THE REST OF THE WEEK'S NEWS

Vulnerability Management
Student Breached University Computer System and Disrupted Election
Fortnight Worm Exploits Old Vulnerability
Stumbler Trojan
Senate Bill Would Have FBI Address P2P Piracy
Cash Machines Exploited in 9/11 Aftermath
RIAA Warns Individual File Traders
Brokerages Must Retain IM Logs
Companies Need to Establish E-Mail Retention Policies
Japanese Police Systems Sustained More than 160,000 Attacks
VPNs Offer Advantages Over Frame-Relay Networks
DHS To Build Secure Network
EU Security Agency to Begin Work in January
Interview With GAO Infosec Director Robert Dacey

---

*************** Sponsored by Internet Security Systems ****************
New whitepaper from Internet Security Systems!
ISS' new, easily deployed appliances dynamically protect
regardless of network speed or threat type, without requiring
separate firewalls, antivirus and intrusion detection. Find out how:
http://www.iss.net/ad/appliance_sansappliancewp062503
***********************************************************************

---

TOP OF THE NEWS

Guess Settles FTC Charges, Agrees to Invest In Improved Security (18/19 June 2003)
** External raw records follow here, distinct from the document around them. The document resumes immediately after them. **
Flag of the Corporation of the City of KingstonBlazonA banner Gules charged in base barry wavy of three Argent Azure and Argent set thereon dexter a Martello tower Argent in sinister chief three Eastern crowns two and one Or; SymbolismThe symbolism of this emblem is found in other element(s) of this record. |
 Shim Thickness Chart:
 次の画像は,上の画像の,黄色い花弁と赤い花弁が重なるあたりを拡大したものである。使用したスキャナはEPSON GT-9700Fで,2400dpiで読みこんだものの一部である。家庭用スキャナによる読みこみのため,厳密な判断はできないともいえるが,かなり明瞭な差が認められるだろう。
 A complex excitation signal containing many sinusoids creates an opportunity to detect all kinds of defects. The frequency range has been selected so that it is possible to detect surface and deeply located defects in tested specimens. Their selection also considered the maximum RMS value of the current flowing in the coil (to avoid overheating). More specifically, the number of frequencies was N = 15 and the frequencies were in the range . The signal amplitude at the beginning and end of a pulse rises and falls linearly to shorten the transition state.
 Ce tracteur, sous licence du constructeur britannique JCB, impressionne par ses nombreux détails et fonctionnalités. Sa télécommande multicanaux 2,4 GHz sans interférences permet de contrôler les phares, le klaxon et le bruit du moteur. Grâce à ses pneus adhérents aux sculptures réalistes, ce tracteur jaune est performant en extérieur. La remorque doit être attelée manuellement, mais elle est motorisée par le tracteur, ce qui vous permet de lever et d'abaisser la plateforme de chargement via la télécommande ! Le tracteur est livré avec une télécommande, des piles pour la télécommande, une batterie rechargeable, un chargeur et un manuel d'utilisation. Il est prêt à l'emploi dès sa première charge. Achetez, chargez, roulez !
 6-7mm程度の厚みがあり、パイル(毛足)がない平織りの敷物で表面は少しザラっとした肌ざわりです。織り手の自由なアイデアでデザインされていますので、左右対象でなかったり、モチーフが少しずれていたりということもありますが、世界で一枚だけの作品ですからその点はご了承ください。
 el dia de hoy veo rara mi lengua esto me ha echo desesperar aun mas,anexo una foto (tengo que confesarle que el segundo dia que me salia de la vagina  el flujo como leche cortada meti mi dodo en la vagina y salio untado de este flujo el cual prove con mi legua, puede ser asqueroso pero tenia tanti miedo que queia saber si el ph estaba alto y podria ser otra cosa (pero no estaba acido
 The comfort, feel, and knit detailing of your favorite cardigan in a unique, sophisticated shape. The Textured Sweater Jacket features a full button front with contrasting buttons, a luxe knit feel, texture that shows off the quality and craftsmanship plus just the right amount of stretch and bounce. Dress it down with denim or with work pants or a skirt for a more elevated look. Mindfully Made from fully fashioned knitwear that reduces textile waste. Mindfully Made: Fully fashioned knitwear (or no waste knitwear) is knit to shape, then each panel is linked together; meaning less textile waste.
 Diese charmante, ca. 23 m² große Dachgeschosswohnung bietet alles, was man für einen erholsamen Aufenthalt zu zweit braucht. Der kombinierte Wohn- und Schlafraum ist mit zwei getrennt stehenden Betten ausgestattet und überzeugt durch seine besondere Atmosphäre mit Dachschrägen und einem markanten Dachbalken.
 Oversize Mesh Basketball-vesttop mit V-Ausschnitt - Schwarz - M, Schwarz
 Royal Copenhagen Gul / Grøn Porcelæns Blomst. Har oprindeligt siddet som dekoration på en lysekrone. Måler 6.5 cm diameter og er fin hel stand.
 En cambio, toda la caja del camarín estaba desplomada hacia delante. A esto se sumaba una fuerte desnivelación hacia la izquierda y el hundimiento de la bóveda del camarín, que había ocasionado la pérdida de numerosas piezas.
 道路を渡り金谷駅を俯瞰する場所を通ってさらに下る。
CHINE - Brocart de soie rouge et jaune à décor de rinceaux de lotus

Guess, Inc. has settled charges brought by the Federal Trade Commission (FTC) regarding security on its Guess.com web site. The FTC said that Guess had promised its customers that their personal information, including credit card numbers, would be protected, but the site was vulnerable to known exploits, including the SQL injection attack. Guess has agreed to create a security program, which must be certified annually. The company must also refrain from making false claims about the security of customer information. The FTC has also released a fact sheet for guidance called "Security Check: Reducing Risks to Your Computer System."
-http://www.washingtonpost.com/ac2/wp-dyn/A12397-2003Jun19?language=printer
-http://www.computerworld.com/printthis/2003/0,4814,82309,00.html
-http://www.securityfocus.com/news/5968
FTC Settlement Announcement:
-http://www.ftc.gov/opa/2003/06/guess.htm
Security Check Fact Sheet:
-http://www.ftc.gov/bcp/conline/pubs/buspubs/security.htm
[Editor's Note (Paller): The Federal Trade Commission demonstrated that there are legal consequences for organizations that have weak security. Tens of thousands of organizations doing business on the Internet are in the same (weak) position that Guess was in. Expect a surge of security audits, demand for better training for system administrators and application developers, and a quest for "minimum standards of due care" in security. ]

Hatch is in Favor of Destroying Copyright Violators' Computers, if Necessary (19 June 2003)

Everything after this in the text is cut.